I have a confession – I’m a single mom without a mom or family of my own. I have really struggled to find authentic community inside the church. I’ve continued to try, year after year. I’ve grown used to feeling like I just have to figure it out myself. It is, perhaps one of my greatest strengths and also one of my greatest weaknesses. My life circumstances haven’t fit into a nice neat box that the church can usually relate to. Often, the more I couldn’t connect inside the church seemed to push me to seek ways to connect to God outside of the church. Honestly, I’ve spent the greater part of a decade convinced something was wrong with me. I went more on a desperate search to figure out what it was than to find God, but that might be the subject for a later post. For now, just know that God found lots of ways to make himself known to me. When Christians couldn’t relate to me, God found a way to relate to me. When Christians didn’t have time for me, or compassion, or wisdom or encouragement, God found a way. I didn’t always know it at the time. In fact, usually I didn’t.

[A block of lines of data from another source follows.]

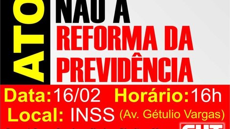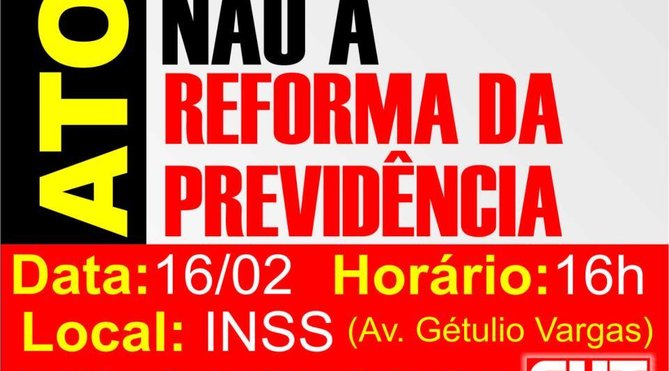 Cuiabá MT - A Central Única dos Trabalhadores de Mato Grosso (CUT MT) convoca toda a classe trabalhadora, principalmente os sindicatos cutistas, para participarem do Ato de Protesto contra a Reforma de Previdência Social proposta pelo governo Temer. A manifestação será realizada na quinta-feira, dia 16 de fevereiro, às 16 horas, em frente ao INSS, localizado na Avenida Getúlio Vargas.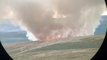 A large fire that broke out on moorland has sent smoke shooting hundreds of feet into the air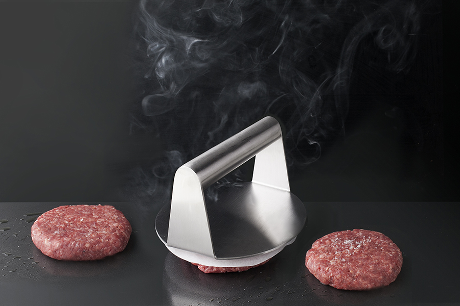 Press for flattening minced meat into burger-shaped patties. Flattens out the meat to produce uniform, compact burger patties for even cooking. Place the ball of meat on the worktop or directly onto the griddle, then gently flatten it out by pressing the appliance down to your desired burger thickness.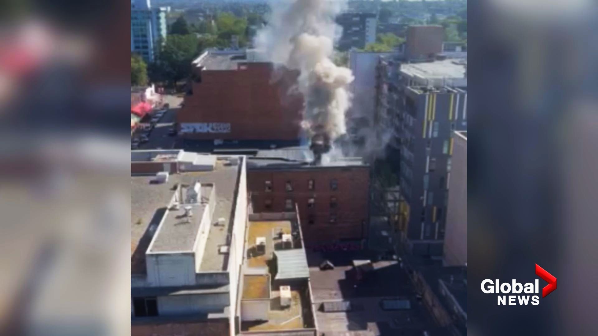 Click to play video: 'Video captures structure fire following reports of explosions in Vancouver’s Chinatown'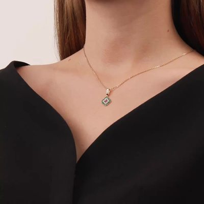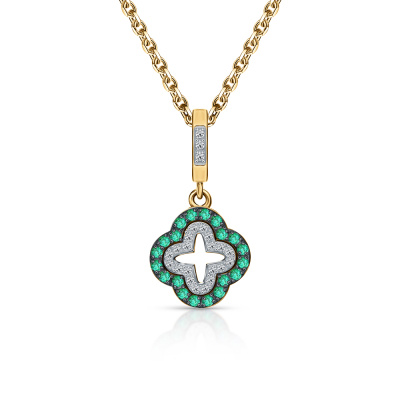 Подвеска с 3 бриллиантами природными, 0.01 карат, огранка круг 17 граней, цвет 2, чистота 2, тип огранки А; 20 бриллиантами природными, 0.04 карат, огранка круг 17 граней, цвет 2, чистота 2, тип огранки А; 20 изумрудами природными, 0.13 карат, цвет 3, чистота 3, тип огранки В; Желтое золото 585 пробы.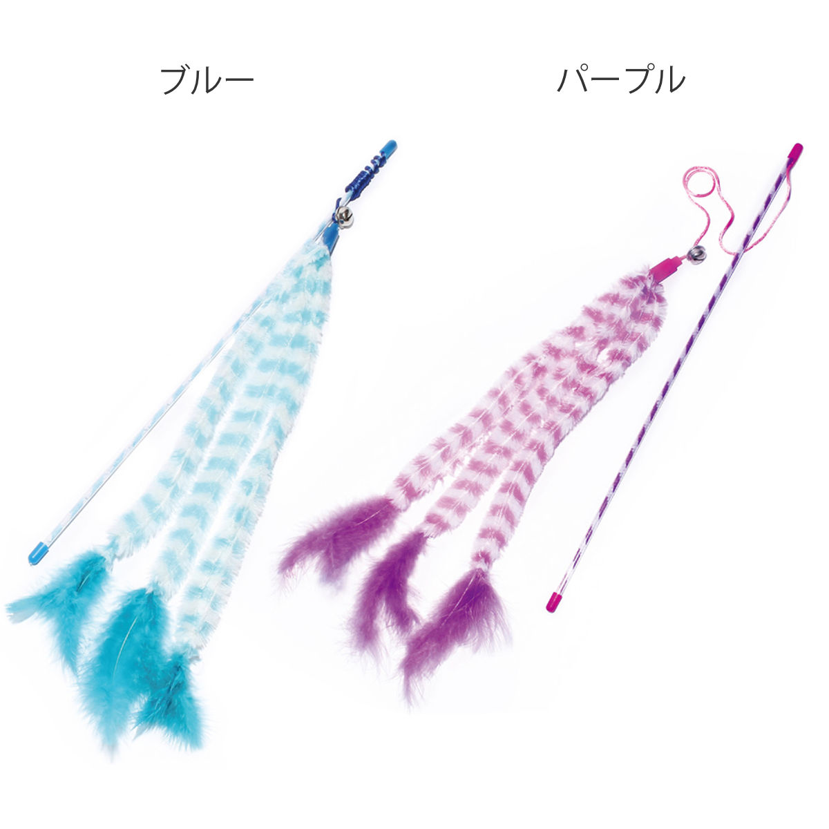 ●縞模様のフワフワ生地と羽根をあしらった3本タイプの猫じゃらしです。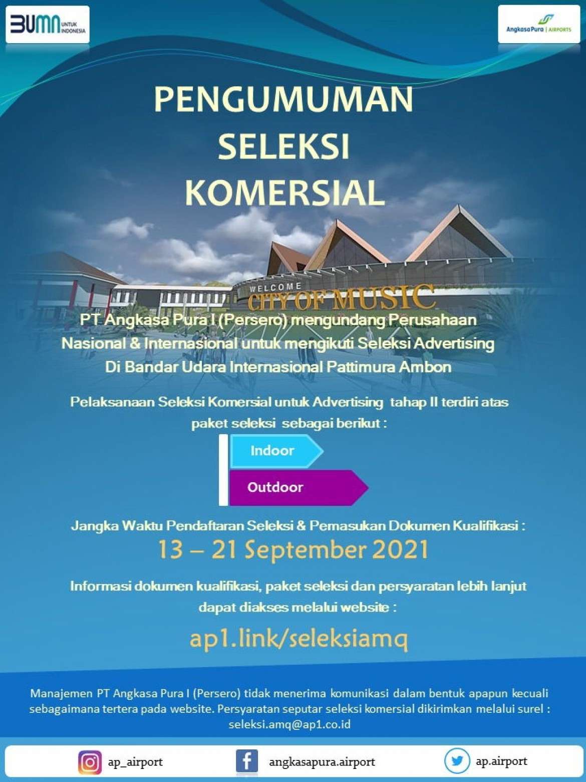 Selanjutnya untuk pertanyaan seputar Seleksi Komersial Mitra Usaha dikirimkan melalui surel : seleksi.amq@ap1.co.id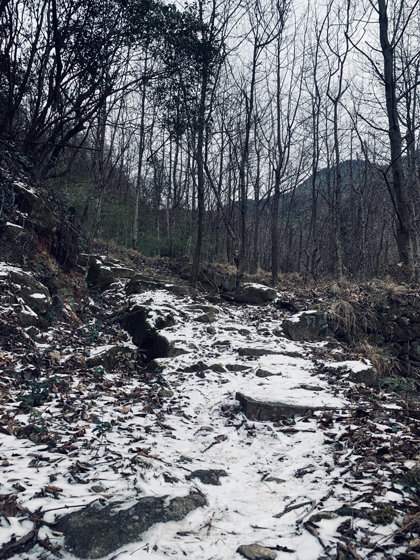 中午十二点就到了衡山西了,接着大家就在出站口集合,人齐了后就坐上我们的旅游车前往衡山啦~天气一般,阴冷冷的,也许广州的气温比较湿冷,刚到衡山就没感受到湖南冬天的严寒的…从康家垅一路向上走,沿着梵音古道一路上山,一路的景色随着海拔的升高也在变换着。初到山脚时有种似曾相识的感觉,仿佛置身于广州的白云山,周遭都是一片绿植的世界,没有严寒也没有白雪。气温随海拔每升高一百米而升零点六度,往上走,寒气扑面而来。我们一路沿着梵音古道走,然后转进衡山村里后走山间野路,没有踏足景区的大路,这也是我们游侠客不一样的走法,更能体验到原生态的衡山之旅。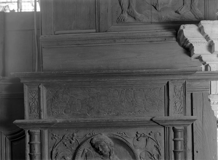 Date en creux incomplète sur le bandeau supérieur : l'an mil ; inscription concernant l'iconographie sur le phylactère à la base du médaillon : charite.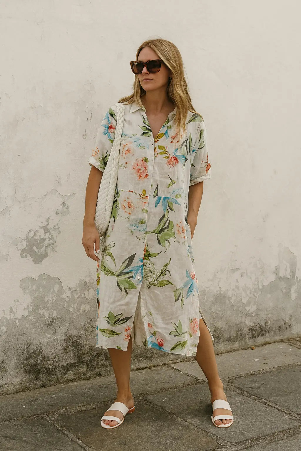 The OMERALA Shacket Pure Natural Linen Floravine Dress combines elegance and comfort in a versatile design. Crafted from premium natural linen, it features a relaxed shacket style and a delicate floravine pattern, perfect for any occasion. Breathable and stylish, this dress is a timeless addition to your wardrobe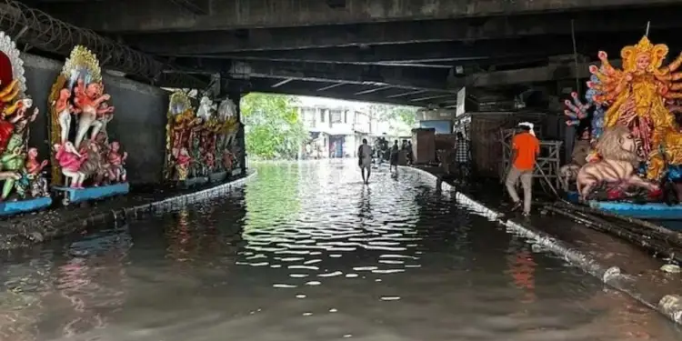 துர்கா பூஜைக்கான ஏற்பாடுகள் முழு வீச்சில் நடைபெற்று வரும் நிலையில், நகரத்தை இடைவிடாத மழை தாக்கியுள்ளது.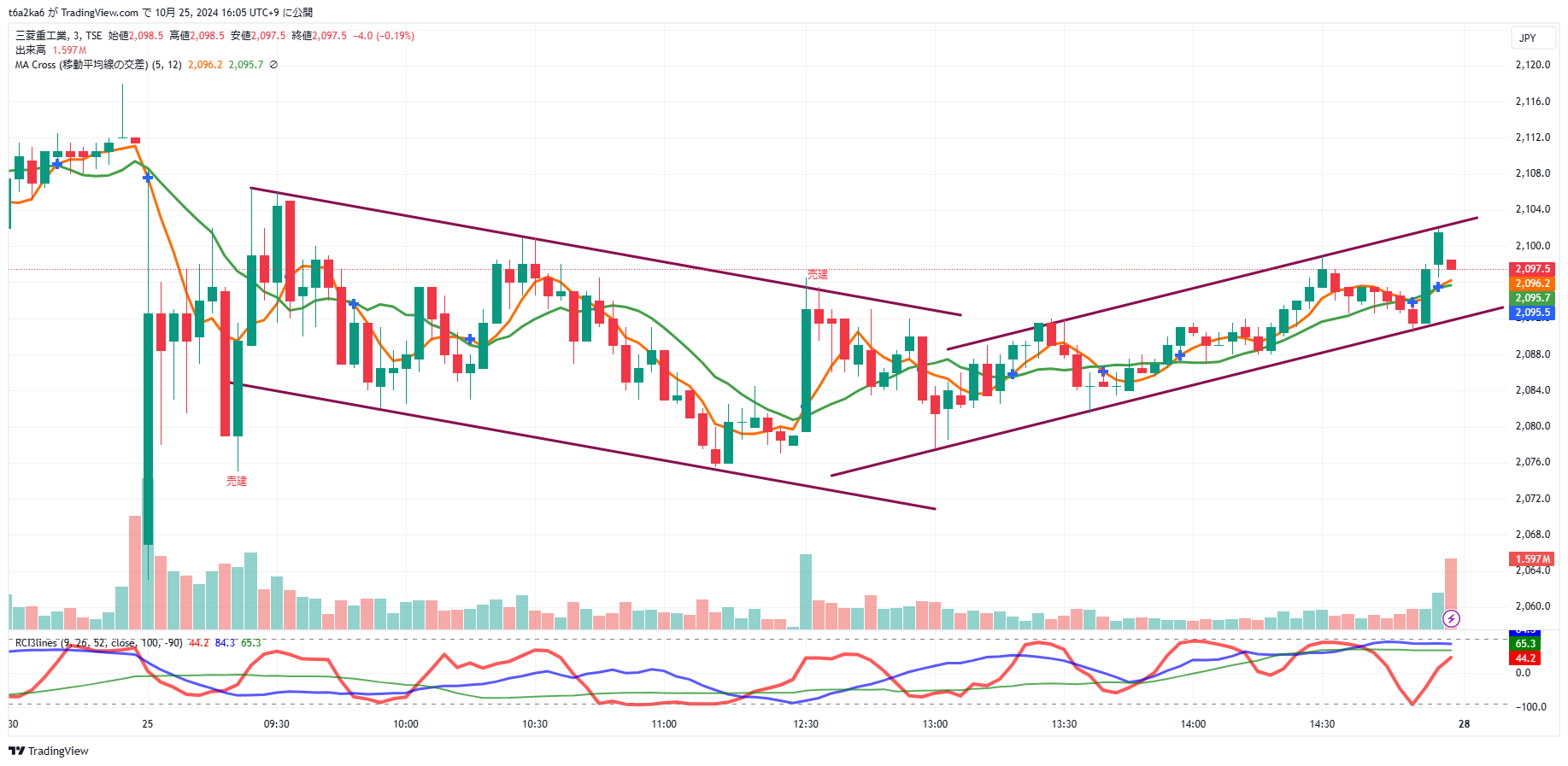 ・三菱重工業の3分足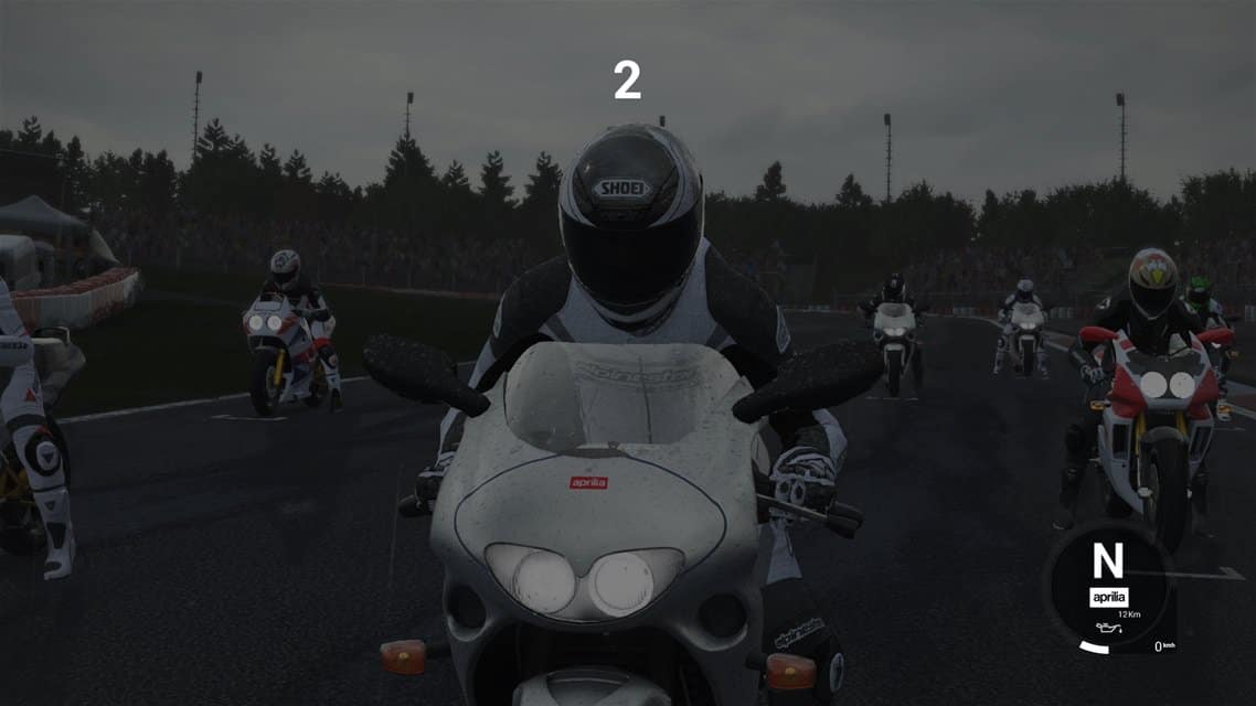 Tout cela est cependant bien beau mais qu’en est-il de la réalisation car pour une immersion totale, il n’y a pas que le contenu pour faire de Ride 2 un succès. Comme je le disais plus haut, le caractère évolutif du World Tour rend le jeu très progressif et donc accessible, surtout si vous laissez toutes les aides activées (trajectoire, freins, boite auto, IA…). Les sensations sont immédiates et on se familiarise très vite avec la conduite, surtout sur 125. Malheureusement, même lorsqu’on désactive toutes les aides au pilotage, le jeu reste encore très arcade. Il faudra presque aller coucher la moto dans l’herbe ou foncer à 150 sur un adversaire avant de chuter. Ceci n’est pas grave pour autant mais pour ceux qui s’attendent à une vraie simulation, je vous conseille de tester avant d’acheter. Pour ma part, cela ne me dérange pas car je joue avant tout pour prendre du plaisir et je ne pense pas que j’en prendrais autant si le jeu était nettement plus punitif.
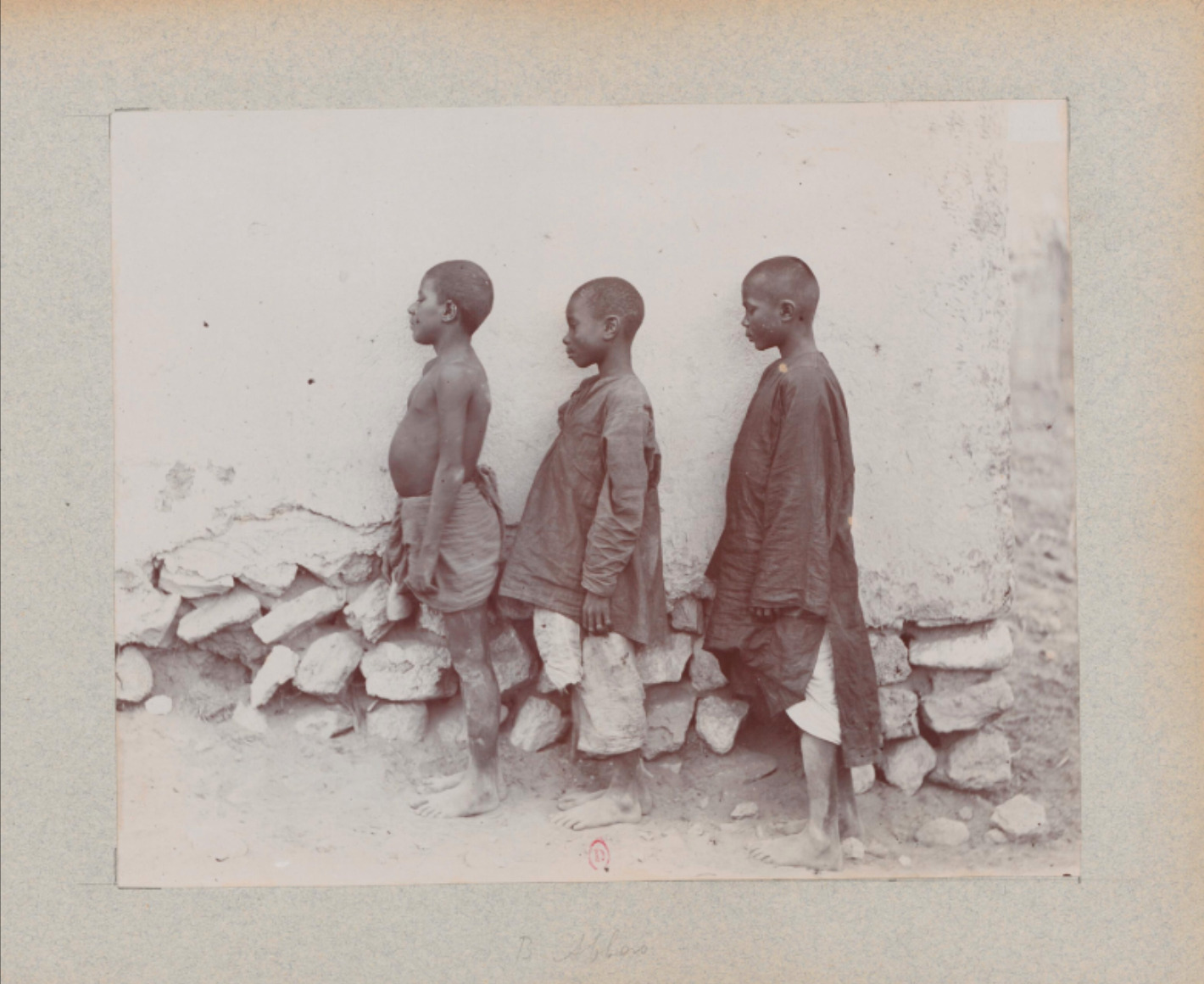 Alors que Jane documente leurs exploits quotidiens dans ses chroniques, Marcel publie le traité majeur L’art antique de la Perse, qui demeure encore aujourd’hui une référence en histoire de l’art. Les récits insistent à plusieurs reprises sur l’enjeu des mesures et des dimensions ; les archives de Marcel comprennent des dizaines de cartes et de dessins, dont plusieurs ont été publiés en parallèle des comptes-rendus de Jane. Ce sont pourtant les albums personnels qui révèlent une continuité dérangeante entre la perspective archéologique et la perspective ethnographique. Contrairement aux images humanisantes – même si celles-ci sont toujours marquées par une forme d’exotisme –, on y trouve de nombreux clichés au caractère plus froidement documentaire : ces productions montrent les mêmes corps décharnés sous plusieurs angles, y compris de profil, ou des individus en haillons face à la lumière brutale, et surexposée, du soleil (fig. 3). La répétition de silhouettes à la peau foncée – parfois d’enfants – souligne par contraste le regard distant et objectivant que Dieulafoy adopte parfois derrière l’objectif. Ces photographies ne témoignent pas d’une humanité partagée, mais construisent un ensemble de données frappantes, profondément racialisées, qui révèle l’internalisation d’une perspective ethnologue et coloniale.

The result of looking outside of church? God went from being mostly a “Sunday” thing to an everyday thing. Actually, an every second thing. Now, I hear and see God in everything I am involved in. He shows up in every movie I see, every book I read, the things people say to me, everywhere in nature, in my dog, my daughter, the homeless person begging, those who are attracted to the same sex, those that I have relationship difficulties with and even the mass shooter that killed 17 people this past February. I’ve learned that God is always there and it’s only my awareness of him that ever changes.
Another realization of my desperate search to find God (or was it myself?) outside of the church? I discovered that for me, my relationship with God is really a private matter. I connect best and most with God when I am alone. I love when I can share that with others, but it never seems to happen in structured ways or times, even when I try, especially when I try. Usually it happens in random relational moments that are so awesome I actually wish I could manufacture them at will, but it never happens like that. My spirituality is primarily a private relationship and at a distant second, a social one.
It’s only in hindsight that I realize that when my relationship with God revolved more around Sunday mornings services, small groups or service to the church, the subtle message (sometimes not so subtle) was that I couldn’t really have a relationship with God without the church. Ironically, outside of the church and arguably, somewhat outcast from it, is exactly where I did find him. Prior to, God was more of an abstract construct in my mind, than something or someone, real in my heart. I definitely knew the right words to say that conveyed Jesus was in my heart. I absolutely meant those words at the time. However, I could only draw upon the words others had used to tell me about God, usually regurgitations from the Bible during services or in small group. It’s almost like our own experiences with God are not to be trusted or valued. Instead, it is much safer to rely on the experiences of God as they occurred through Bible heroes .Now that I have my own experiences with God, I am much less interested in what Abraham and other Bible characters said or did with God and more interested in what God has to say and experience with me. Selfish of me, I know.
The funny thing is. I’m currently on the outside of church, but feel more connected to God than ever. Those still inside believe that I just need to find Jesus. But I’ve already “have” Jesus. The more adamant they are that I need to be in church to experience the real God, the more separate from them I feel. I can no longer override my own experience with someone else’s theology. Quite frankly, I wonder whose voice they might be listening to. How can they know what’s best for my soul’s growth? Is there really a one size fits all? Like the tower of Babel, it seems we speak a different language, except I feel pretty fluent in theirs because I used to speak it too.